* [Source data]:
Content starts

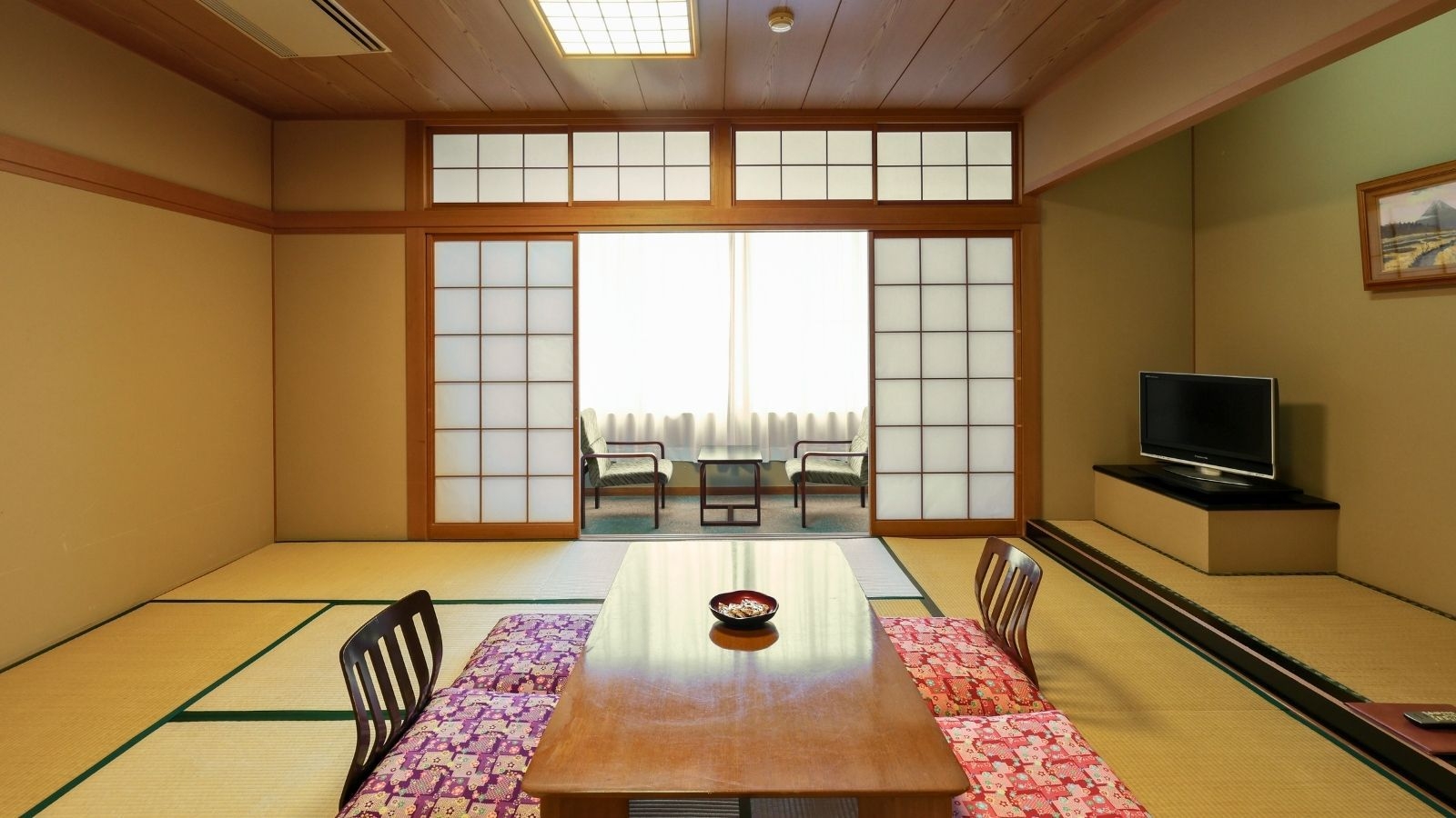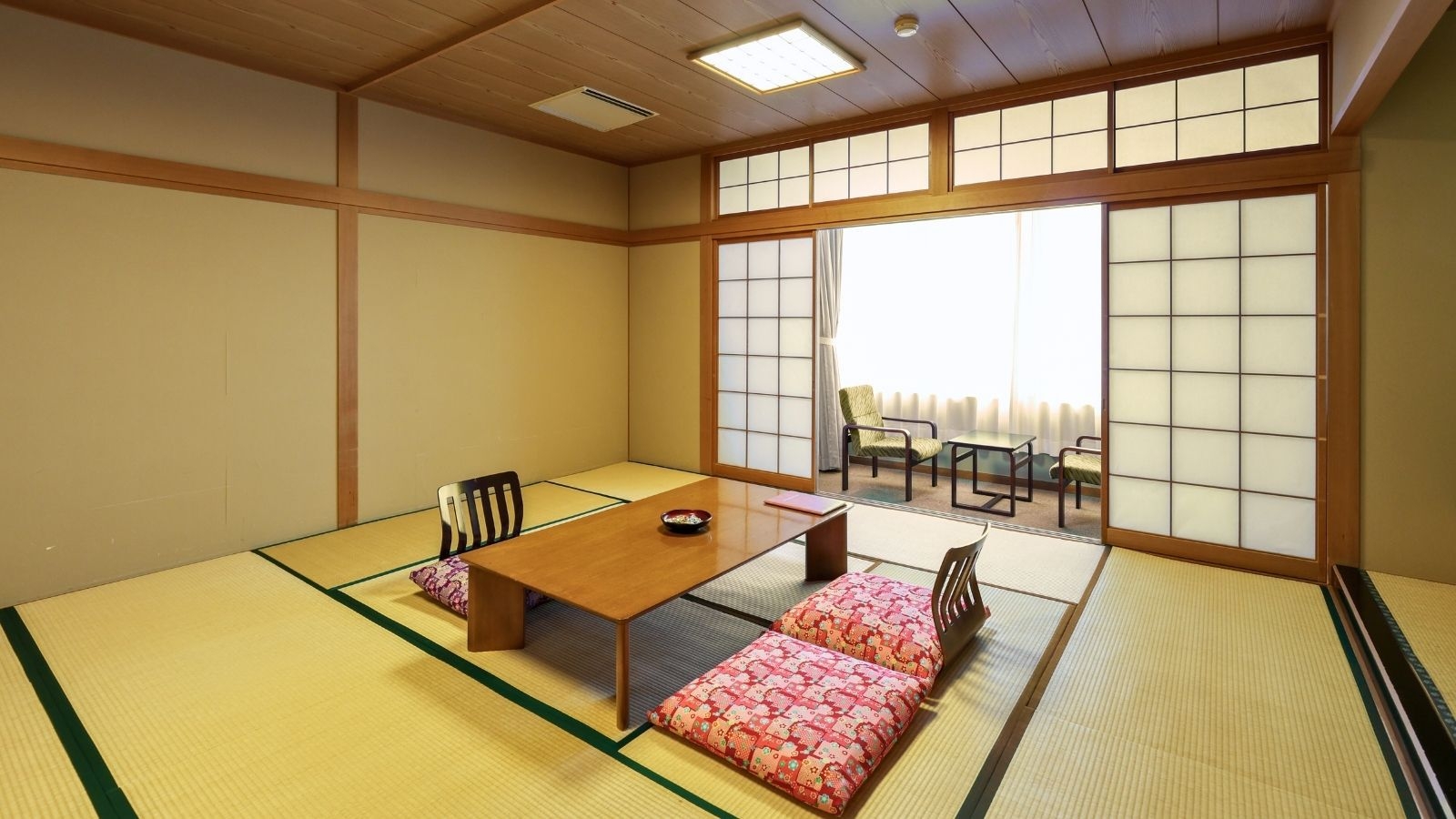 10畳〜12.5畳の和室を含むスタンダード客室(定員:7名)/ 四季折々の花々が彩る中庭を一望できます。
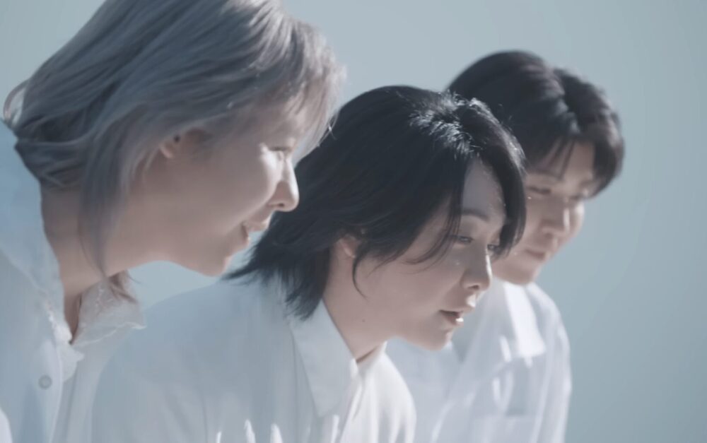 白い光に包まれた空間で、ロックバンドMrs. GREEN APPLEの3人と浜辺美波さんが向き合うのは、自分の肌。
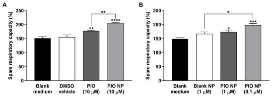 Next, we investigated whether 10 μM of our nanoparticulate drug formulation had any effect on mitochondrial respiratory activity in CHO-APP695 cells using extracellular flux analysis. The same concentration of PIO has been shown to elicit therapeutic responses in in vitro experiments [38]. The vehicle 0.2% DMSO used for the PIO solution was confirmed not to affect mitochondrial respiration significantly, hence, all treatment groups were compared to the blank culture medium control for uniformity. After discounting non-mitochondrial respiration, CHO-APP695 cells pre-treated with 10 μM PIO and 10 μM PIO NP were both found to exhibit significantly increased reserve respiratory capacity compared to the blank control (Figure 2A). Pre-treatment with 10 µM PIO solution showed a significantly higher spare respiratory capacity of 177.24 ± 1.19 percent as compared to the control’s spare respiratory capacity of 151.10 ± 5.38 percent (adjusted p = 0.0083). Significantly higher reserve respiratory capacity was also observed for cells pre-treated with 10 µM PIO NP (205.82 ± 1.70 percent, adjusted p < 0.0001). Specifically, pre-treatment with 10 µM PIO NP was found to significantly increase the reserve respiratory capacity of CHO-APP695 cells even more than cells pre-treated with 10 µM PIO solution (adjusted p = 0.0041).
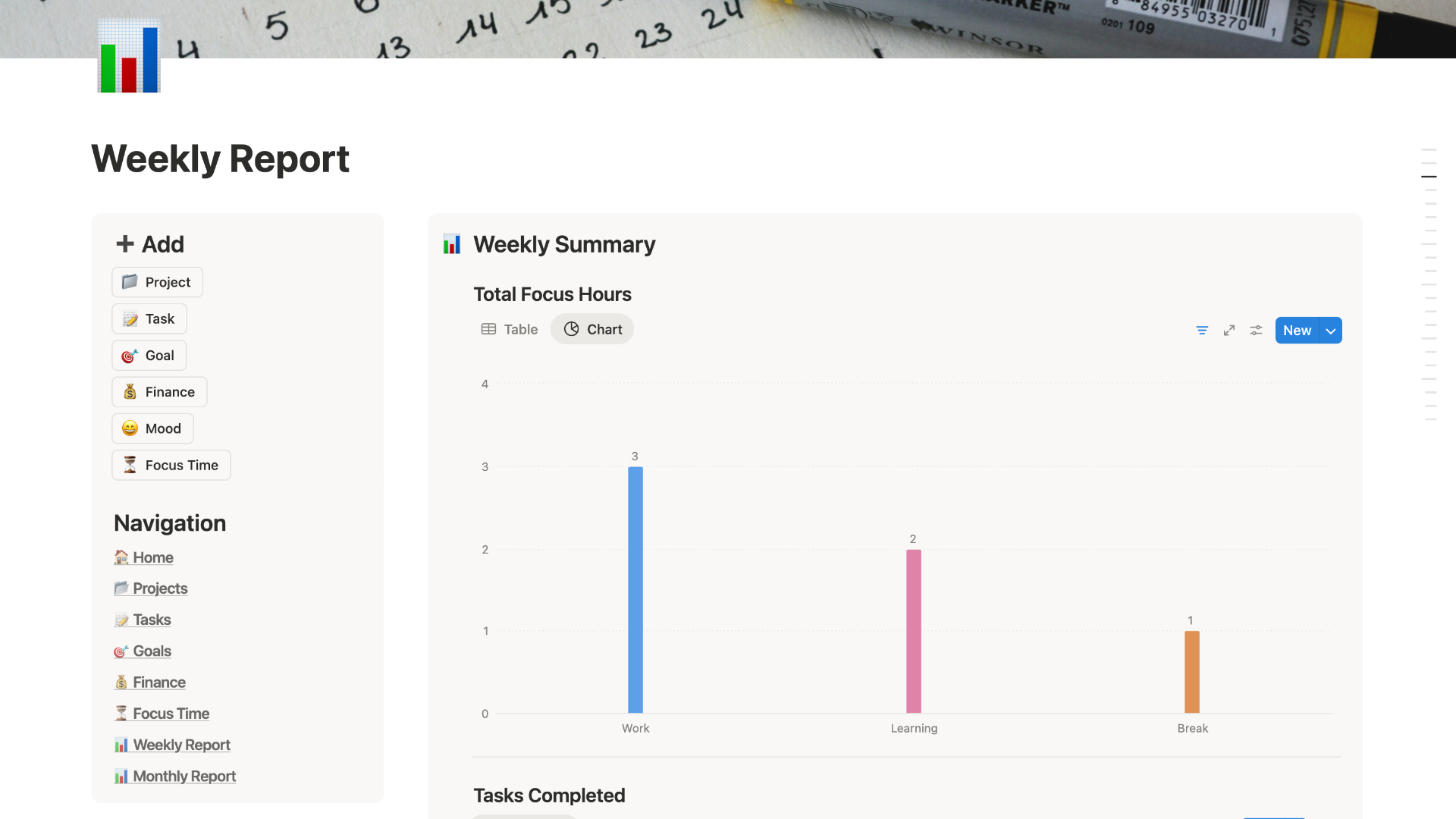 Goals & Reflection: Set your monthly/weekly goals and reflect on progress.

Content ends

* [Work request]: Reproduce the listing above exactly, excluding all pictures.

* [Completed task]:
 10畳〜12.5畳の和室を含むスタンダード客室(定員:7名)/ 四季折々の花々が彩る中庭を一望できます。
 白い光に包まれた空間で、ロックバンドMrs. GREEN APPLEの3人と浜辺美波さんが向き合うのは、自分の肌。
 Next, we investigated whether 10 μM of our nanoparticulate drug formulation had any effect on mitochondrial respiratory activity in CHO-APP695 cells using extracellular flux analysis. The same concentration of PIO has been shown to elicit therapeutic responses in in vitro experiments [38]. The vehicle 0.2% DMSO used for the PIO solution was confirmed not to affect mitochondrial respiration significantly, hence, all treatment groups were compared to the blank culture medium control for uniformity. After discounting non-mitochondrial respiration, CHO-APP695 cells pre-treated with 10 μM PIO and 10 μM PIO NP were both found to exhibit significantly increased reserve respiratory capacity compared to the blank control (Figure 2A). Pre-treatment with 10 µM PIO solution showed a significantly higher spare respiratory capacity of 177.24 ± 1.19 percent as compared to the control’s spare respiratory capacity of 151.10 ± 5.38 percent (adjusted p = 0.0083). Significantly higher reserve respiratory capacity was also observed for cells pre-treated with 10 µM PIO NP (205.82 ± 1.70 percent, adjusted p < 0.0001). Specifically, pre-treatment with 10 µM PIO NP was found to significantly increase the reserve respiratory capacity of CHO-APP695 cells even more than cells pre-treated with 10 µM PIO solution (adjusted p = 0.0041).
 Goals & Reflection: Set your monthly/weekly goals and reflect on progress.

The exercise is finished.